Right now it is 22 degrees in the heated room, 17 degrees in the bedrooms. Assuming that the heater can be turned up to provide the extra heat and maintain 22 where it is, what temperature would I expect in the bedrooms running one of these systems? 
I'm guessing that it won't be exactly 22, but how close would it get?  
I'm still trying to make my mind up on this one. But I'm not keen on freezing though next Winter as I have this year so I'm going to do something about it that's for sure...

----------


## Moondog55

I would guess it depends on more than how much air gets moved.
We have a reasonably sized reverse cycle unit, but we bought it to cool one big room with the heating function as a bonus.
Our big open living room is 5000 X 9000 wiith 2700 ceilings and the unit can warm it reasonably well and cool it during summer but it does not have the capacity to heat or cool the whole house.
Is your unit massively over-sized ?? If you are trying to heat the whole house I have a feeling the unit itself needs to be sized for the volume of the whole house, which is why we kept the wood heater. The Coonara is able to heat the big room but no spare capacity for the rest of the house, our intention was to use an air transfer system and run both the RC and the wood fire.
I have plans to increase the efficiency of the wood fire as a heat store but in Geelong this last week even running both the wood fire and the air-con without insulation it is a losing battle. My gut feeling is that tackling the passive losses first is the most efficient way to keep the house warm

----------


## Tarasa

> I was wondering about using an air transfer fan in reverse? That is, suck the cold air out of the hallway and blow it into a heated room, thus causing warm air to be drawn back into the hallway. 
> I'm thinking that this would overcome temperature loss in the ducting. Eg if it is 21 in the heated room and 1 degree is lost in the ducting then it can't possibly exceed 20 in the hallway. Reversing it would overcome that problem since 21 degree heated air would be directly drawn in with no loss. 
> Can anyone spot any problems with this logic? Obviously I'd need to carefully locate the outlet vent to avoid creating a draft, but that would actually be pretty simple in my case.

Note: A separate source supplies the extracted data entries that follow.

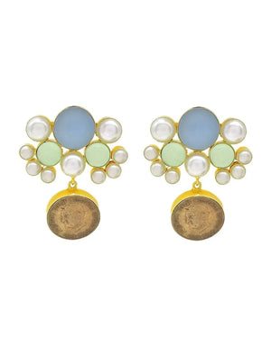 Signature statement earrings in a playful combination of repurposed antique coins and raw natural stones. Perfect for adding a pop of colour to your everyday attire.
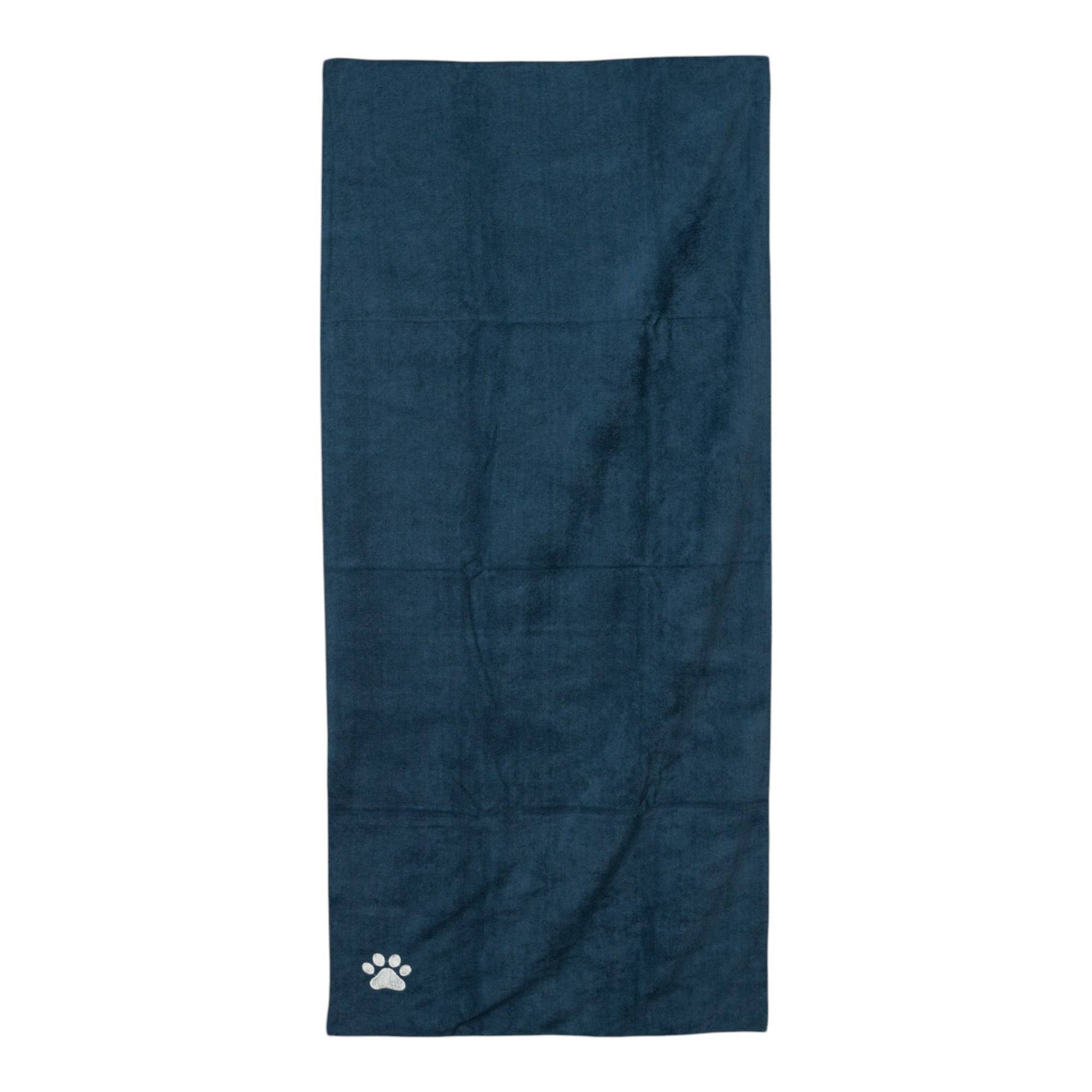 Introducing our Quick Drying Microfiber Pet Bath Towel in Marine Blue, the perfect addition to your pet care lineup. Crafted from premium high-quality microfiber, this towel is built to absorb moisture quickly and efficiently, making it ideal for drying dogs of all sizes after bath time or a rainy walk. With its stylish embroidered paw print, it combines function and fashion in one.
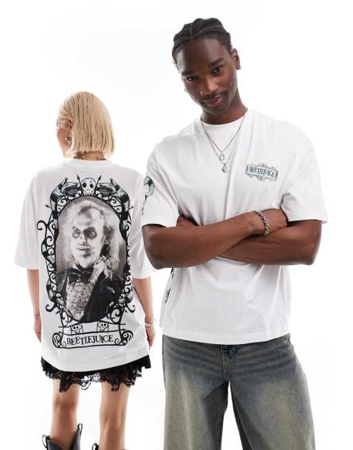 ASOS DESIGN Halloween unisex oversized t-shirt with Beetlejuice prints in white
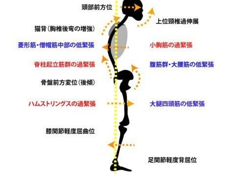骨盤が後傾し腰が曲がって円背になってくると胸の前側が常に収縮した状態で固まってしまう。すると、背中を伸ばそうとしたときに痛みを生じる場合がある。

  One flaw will be that you are pressurising your room with the cold air and the hot air will flow out of every orifice it can find. Wall vents, gaps around windows and doors, will all allow heat to escape.  
Also, say for example you are trying to heat some bedrooms that are connected by a hallway then to the main room. By drawing air in from the bedrooms and blowing into the main room, any hot air will have to heat the hallway before it can heat the bedrooms where you want it. I think pulling the air form the hotter area, into the rooms, then into the hall is a better way. Once the rooms are heated then the hallway will start to heat up.  Hope this theory makes sense, it does in my head  :Smilie:

----------


## Moondog55

Tarasa that is a good and valid point, but making our buildings as air-tight as possible is a good thing so that is another attack point for saving energy, would the pressurization be that high though??

----------


## Tarasa

No, the pressurising wouldn't be high but it would still be there. Feel around your windows and wall vents (if you have them) on a windy night and you will feel quite a bit of airflow.

----------


## Smurf

> Also, say for example you are trying to heat some bedrooms that are connected by a hallway then to the main room. By drawing air in from the bedrooms and blowing into the main room, any hot air will have to heat the hallway before it can heat the bedrooms where you want it. I think pulling the air form the hotter area, into the rooms, then into the hall is a better way. Once the rooms are heated then the hallway will start to heat up. Hope this theory makes sense, it does in my head

  I've done some more thinking and plan is now as follows: 
Take hot air from existing heater room. Present heating is slow combustion, maybe change to reverse cycle A/C in the future. 
Duct the hot air directly to all 3 bedrooms. 
Maybe include an in-line electric heater in the system. I'm thinking that this will improve performance in very cold weather when heat losses etc might still leave the bedrooms a bit chilly.  
And of course it means I can heat the bedrooms without having to have the slow combustion heater running, a feature that might actually encourage me to keep the fire and forget the A/C. I can still have the fire for genuine cold weather, but use the ducted heater and the other electric heater I have in the lounge room (note that the slow combustion heater is in dining room, not lounge room) when it's not so cold. Less days using the fire, less messing about lighting it etc but still have the benefit of it in mid-Winter.  :Smilie:  
So what I should end up with is effectively a mini ducted heating system just in the bedrooms which also doubles as an air transfer system from the slow combustion heater when the in-line duct heater is turned off. 
So overall, I'll end up with electric heater in the lounge (existing), slow combustion heater in the dining room (existing) and a new ducted electric / heat transfer system in the bedrooms. Should be warm next winter.

----------


## Tarasa

Sounds like a plan  :2thumbsup:  
And if you put reverse cycle aircon in you can suck cold air and duct it into hot bedrooms during summer.

----------


## Bloss

> I've done some more thinking and plan is now as follows: 
> Maybe include an in-line electric heater in the system. I'm thinking that this will improve performance in very cold weather when heat losses etc might still leave the bedrooms a bit chilly.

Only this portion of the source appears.